Cosby faces 10 years in jail as trial goes to court
BILL COSBY, the embattled US comedian, has been charged with drugging and sexually assaulting a woman at his home in 2004 - and could face up to 10 years in jail if found guilty.
More than 50 women have already publicly claimed they were abused by the 78-year-old, but he has denied all allegations. It is the first time he has been criminally charged.
Prosecutors in Pennsylvania, where he lives, issued a warrant for Cosby's arrest and set the stage for one of the biggest Hollywood celebrity trials of recent years.
Cosby, who faces a charge of aggravated indecent assault, appeared in court last night and was given $1m bail. A hearing was set for January 14.

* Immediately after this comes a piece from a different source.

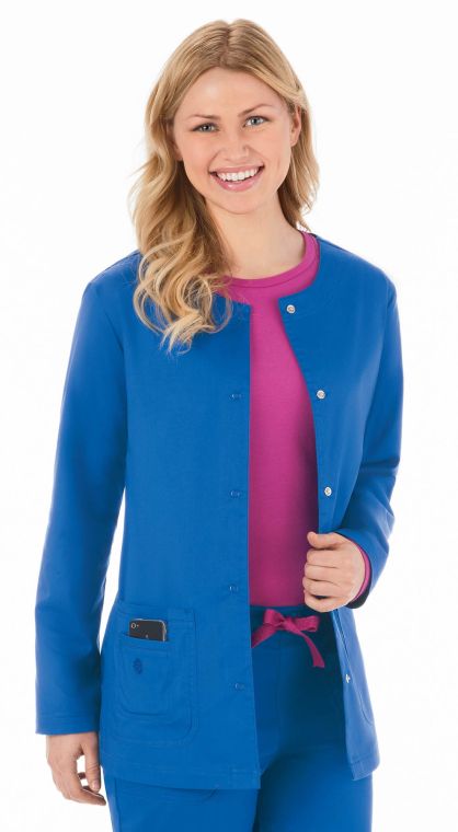 Bio Stretch Women's Everyday Warm-Up Scrub Jacket: - Set-in sleeves - 3 pockets; 2 rounded patch with 1 small welt pocket - 5 snap closure - Fitted Missy fit - 27.0" length *CLEARANCE NO RETURN OR EXCHANGE*

The alleged victim is Andrea Constand, who worked at the time for the women's basketball team at Temple University in Philadelphia - Cosby's alma mater. Prosecutor Kevin Steele said Miss Constand had considered Cosby her "mentor and friend".
In January 2004, she went to Cosby's nearby home seeking career advice and he urged her to take three blue pills, Mr Steele said.
She became incapacitated and Cosby led her to a sofa where he allegedly sexually assaulted her.
Miss Constand is gay and was in a relationship with a woman when the alleged attack took place. She reported the incident to police in 2005, but an investigation did not result in criminal charges. Miss Constand then sued Cosby in civil court and reached a confidential settlement the following year.
The comedian insisted in a deposition for the civil case that his relations with her had been consensual. He said: "I think Andrea is a liar, and I know she's a liar because I was there."
Cosby did not enter a plea yesterday and spoke only to say he understood the charges, and to ask for clarification on the terms of his $1m bail.
Cosby was then taken to the police station to be fingerprinted and photographed before being released.
Earlier this year, documents from the civil case were released and showed Cosby, who has been married for more than 50 years, admitting to a string of affairs and sexual encounters.
He also admitted that in the 1970s he obtained Quaaludes, a powerful prescription sedative now banned in the US, to give to women he wanted to have sex with.
Armed with that information, prosecutors decided to reopen the criminal investigation and dozens of other women came forward with similar allegations.
In the 1980s, Cosby became one of the most famous people in the United States through his role as the wholesome family patriarch Cliff Huxtable in 'The Cosby Show', earning the nickname 'America's Dad'.